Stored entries
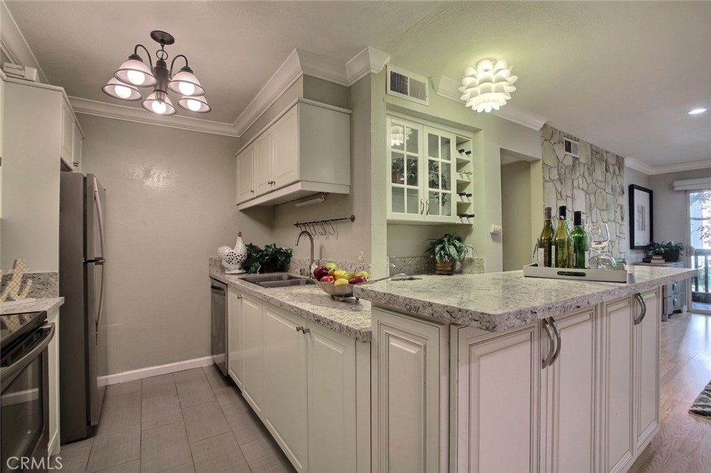 Updated large 2 bedroom 2 bathroom condo in the highly rated Raintree community. The condo has recent upgrades that include hardwood floors all throughout the unit, a beautiful ceiling with crown molding, recessed lighting, classic lighting fixtures including Tiffany style ceiling light, high-end Hunter Douglas shutters, vertical blinds, modern IKEA kitchen cabinets with soft close cabinet hinges, newer kitchen applications. glass door cabinet with wine rack/wet bar with beautiful stone countertops. The two large bedrooms have a lot of closet spaces with direct access to the covered balcony. The central AC unit is just 4 and a half years old. Two side by side parking spaces are located on the first floor with prime location close the elevator.The complex has access to many different amenities such as a heated pool, spa, fitness center, lake, and clubhouse. The front gate has 24 hour security with guards. The community is close to all the activities in Culver City and the city has great schools. The HOA also covers water, trash, fire place gas and basic cable. A must see! https://my.matterport.com/show/?m=NedHsmHZmm2&brand=0
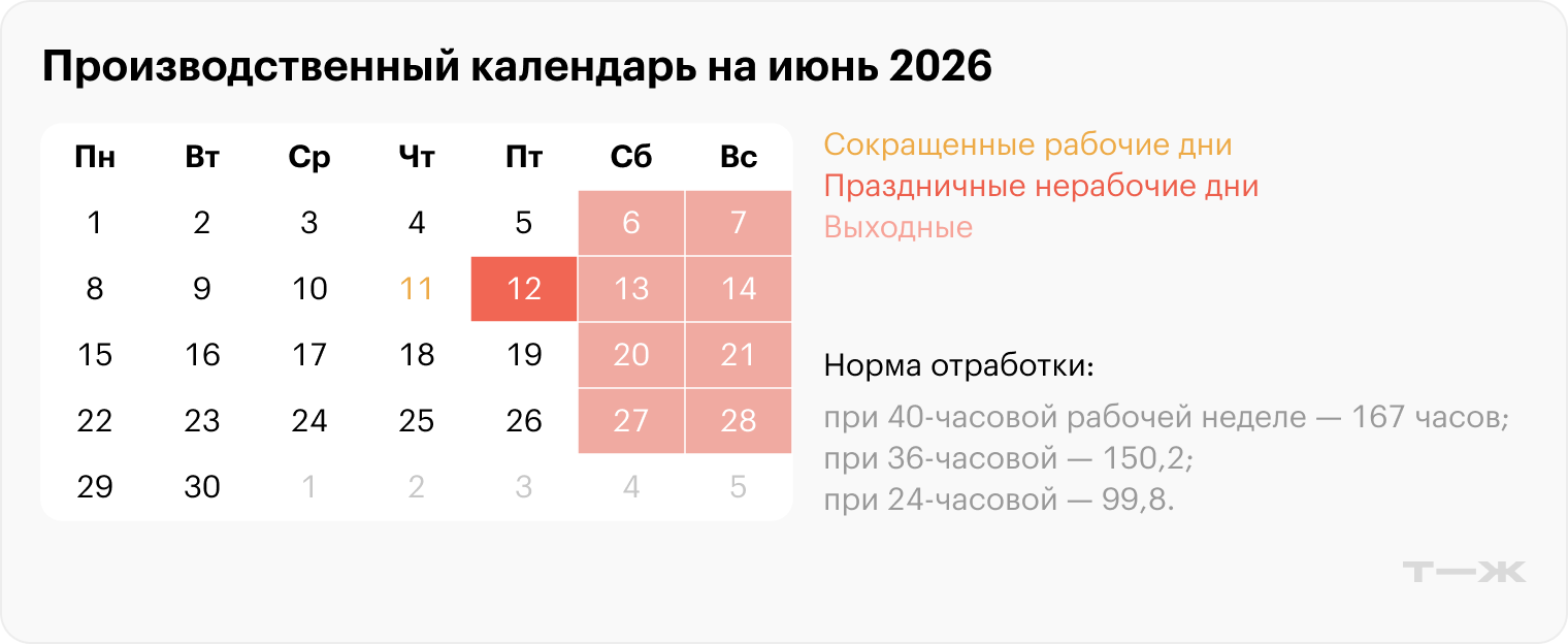 На его основе считают норму рабочего времени, планируют график работы, отпуска и начисляют зарплаты. Производственный календарь на весь 2026 год опубликовали в другой статье, а здесь рассказываем, как будем работать и отдыхать в июне.
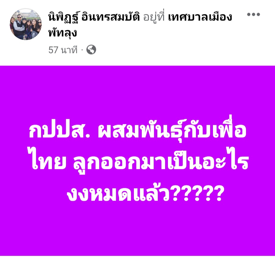 ต่อมาในวันเดียวกัน นายนิพิฏฐ์ อินทรสมบัติ สมาชิกพรรคพลังประชารัฐ ได้โพสต์ข้อความผ่านทางเฟซบุ๊ก ระบุว่า กปปส.ผสมพันธุ์กับเพื่อไทย ลูกออกมาเป็นอะไร งงหมดแล้ว?????
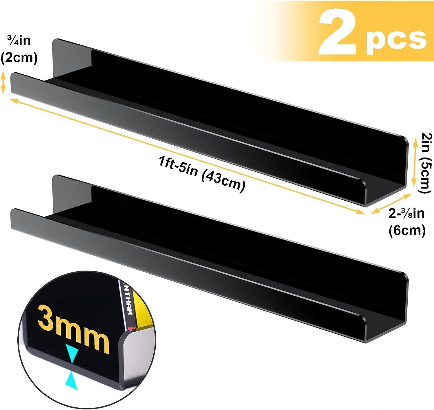 Large size: Each pack contains 2 magnetic bookshelves. Dimensions: 16.92 inches (depth) x 1.96 inches (width) x 2.36 inches (height). It can better hold all kinds of books, including larger picture books for children, etc.
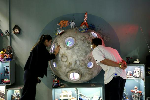 Visitors look at items displayed at a toy museum in the Iranian capital Tehran
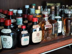 | ABOUT THIS GALLERY The collection includes many kinds of brandy, whisky, liqueur and figure bottles. The number of bottles were over twenty thousand, he said. He was very proud of it, and it was also his best hobby to take care of them after his retirement. He had many buisiness trips all over the world (I guess that he started the collection at one of those trips ). He also had many foreign friends through collecting and exchanging bottles. I found some pictures of him and foreign friends taken in their homes. His most favorite bottles were cute and interesting bottles. He put them on the shelves in the living room to show them up. he had wanted to collect as many rare bottles of various countries as possible. As he told nobody about his collection in details, there is only little information left about it. I got more information by reading the labels of the bottles. Therefore explanations about the bottles are very limited. Each assortment mainly depends on what my grandfather made. In this gallery, only figure bottles from his collection are featured. Approximately three thousand bottles are shown. I took a good glance of them through the process of making the site, and enchanted by their cute and interesting shapes. I hope many people will also enjoy their world wide charms. Please have a good time looking through this gallery. Webmaster Hiina |
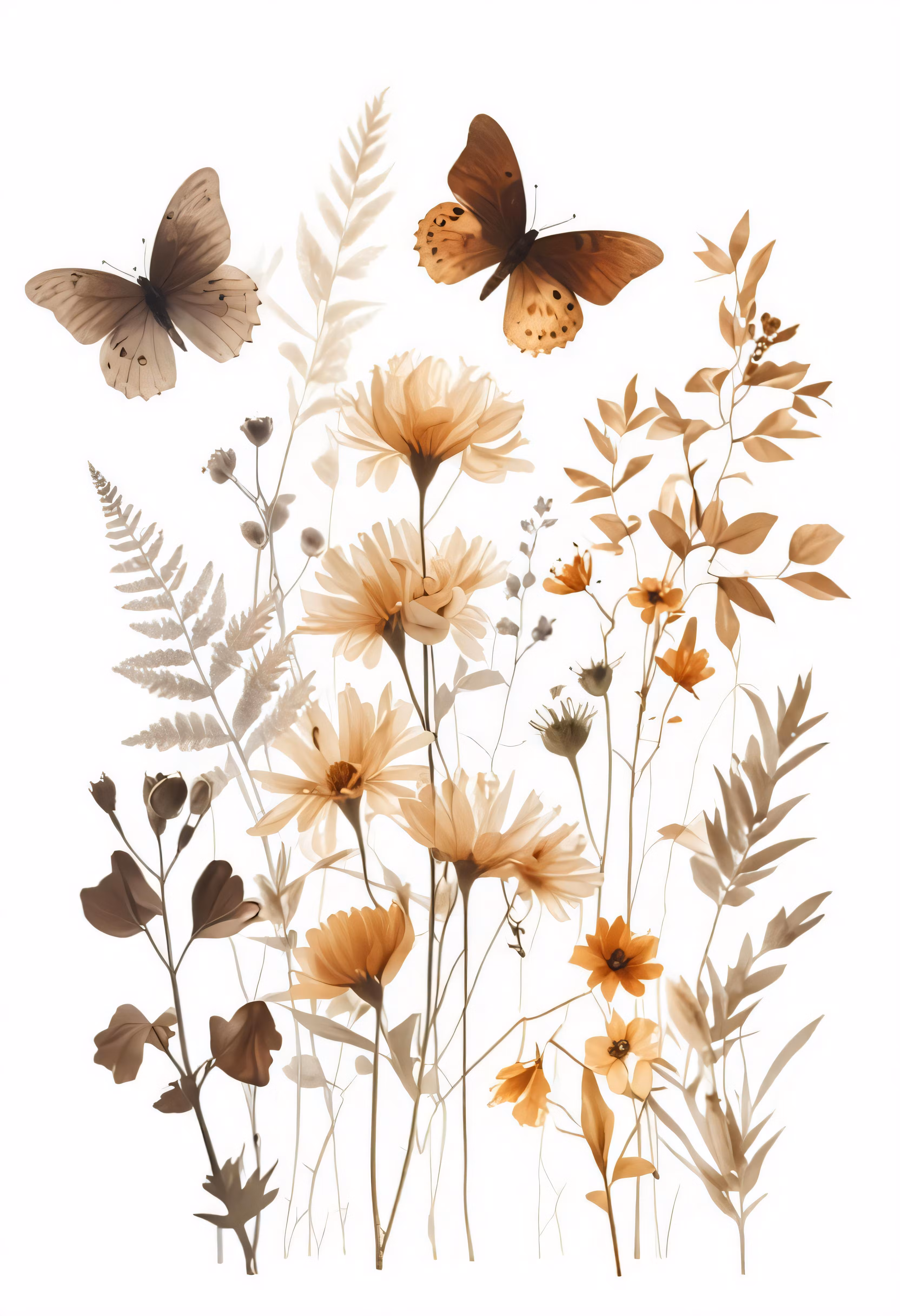 High resolution picture, free to use, an image of butterflies and plants that are yellow and brown
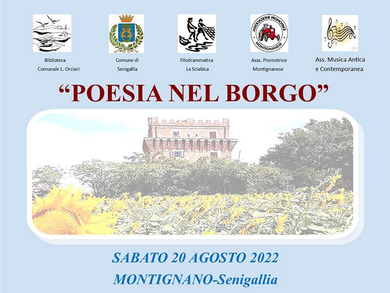 Organizzato dalla Biblioteca Comunale “L. Orciari” con la collaborazione della Compagnia Teatrale “La Sciabica”, con l’associazione “Promotrice Montignanese” e con il patrocinio del comune di Senigallia, nella magnifica piazza G. Bruno ritorna “Poesia nel Borgo”.
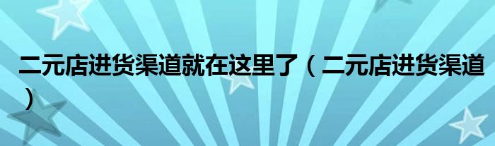二元店进货渠道就在这里了(二元店进货渠道)
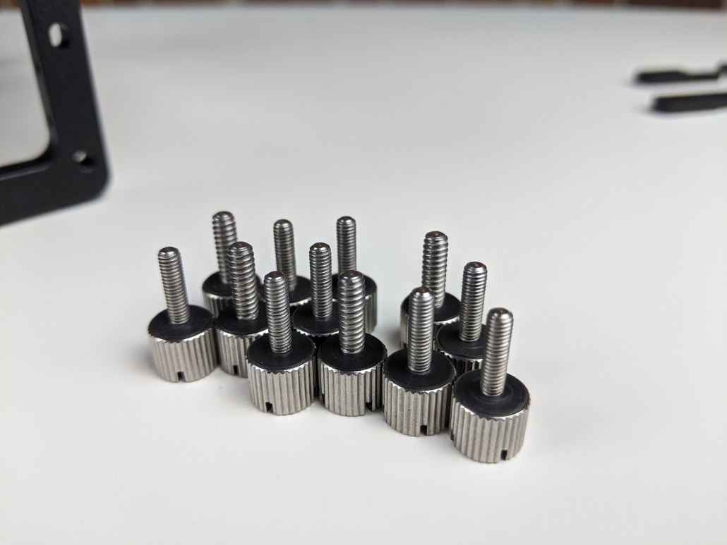 All of the screws are located at the bottom of the OBT Mini. The 6#32 screws can be found on the left side, while spare M3 screws are on the right side.

### How to complete this task
Although pictures appear among the entries, please set down only the lines from the one with "Large size: Each" up to and including the one with "Visitors look at", word for word.

### Exercise output
 Large size: Each pack contains 2 magnetic bookshelves. Dimensions: 16.92 inches (depth) x 1.96 inches (width) x 2.36 inches (height). It can better hold all kinds of books, including larger picture books for children, etc.
 Visitors look at items displayed at a toy museum in the Iranian capital Tehran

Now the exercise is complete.